3. Resource Management

# Auto-scaling for cost optimization
resource_limits:
  cpu: "4"
  memory: "16Gi"
  gpu: "1"

auto_scaling:
  min_replicas: 0
  max_replicas: 3
  target_gpu_utilization: 80

4. Model Versioning

# Semantic versioning for models
def generate_model_version(config, performance):
    """Generate semantic version based on changes."""
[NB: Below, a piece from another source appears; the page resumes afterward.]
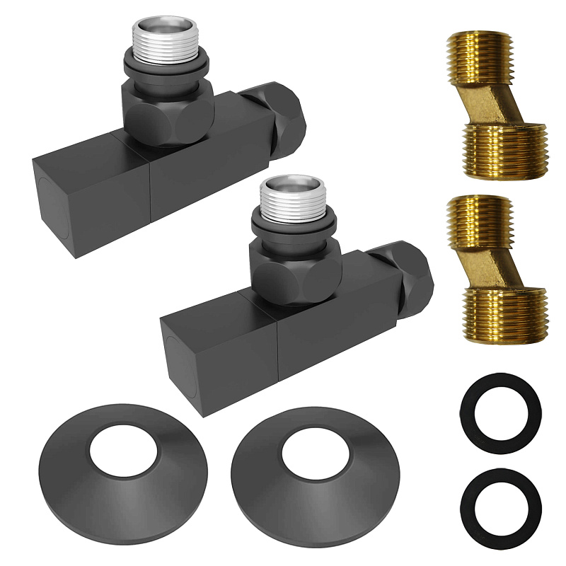 Соединение угловое с квадратным вентилем для полотенцесушителей Azario гайка-штуцер 3/4"х1/2", графит (AZ83907FW)
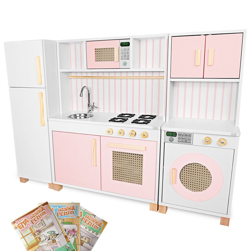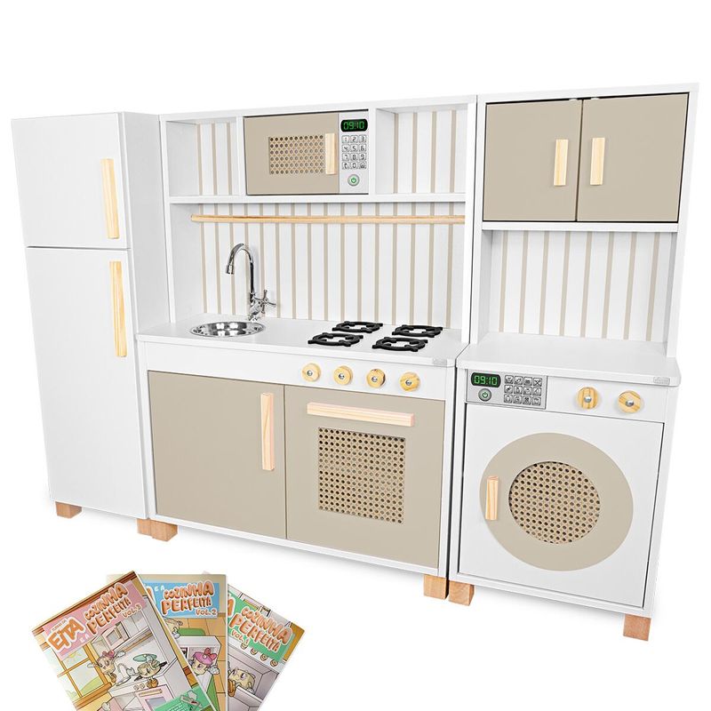 + Peças indispensáveis para interação com a obra. CARACTERÍSTICAS E FUNCIONALIDADES MATERIAL DE ALTA QUALIDADE: Fabricado em MDF 15 mm, mesmo padrão de móveis planejados, garantindo resistência e durabilidade. DESIGN LÚDICO E REALISTA: cooktop com botões que giram, pia com torneira, micro-ondas e forno com visualização interna, portas funcionais e armário com bom espaço. LIVROS EDUCATIVOS: histórias e atividades da Turma da Eita que incentivam leitura, criatividade e vínculo familiar durante a montagem e a brincadeira. FÁCIL MONTAGEM: método EtaMontei pensado para um momento divertido em família; montagem simples utilizando apenas uma chave Philips. DESENVOLVIMENTO INFANTIL: estimula coordenação motora fina, noções de organização, linguagem, raciocínio e trabalho em equipe. Confeccionado em MDF 15 mm, o conjunto é resistente e cheio de charme — integra com facilidade diversos ambientes da casa.

    major = 1  # Breaking changes to model architecture
    minor = 0  # New features or significant improvements
    patch = 0  # Bug fixes or minor improvements

    # Auto-increment based on performance
    if performance["bleu_score"] > previous_best + 5:
        minor += 1
    elif performance["bleu_score"] > previous_best:
        patch += 1

    return f"v{major}.{minor}.{patch}"

Troubleshooting

Common CI/CD Issues

  1. Resource Limits: Adjust instance types and memory limits
  2. Authentication: Verify all API keys are properly set
  3. Timeouts: Increase workflow timeouts for long training runs
  4. Dependencies: Pin dependency versions for reproducibility

Debugging Failed Runs

# Access logs from failed runs
gh run view <run-id> --log

# Debug locally with same environment
docker run --rm -it \
  -v $(pwd):/workspace \
  -w /workspace \
  pytorch/pytorch:latest \
  bash -c "pip install uv && uv sync && uv run app/finetuner.py"

With this CI/CD setup, your Fine-Tune Pipeline becomes a fully automated, monitored, and scalable machine learning system that can continuously improve your models while maintaining high quality standards.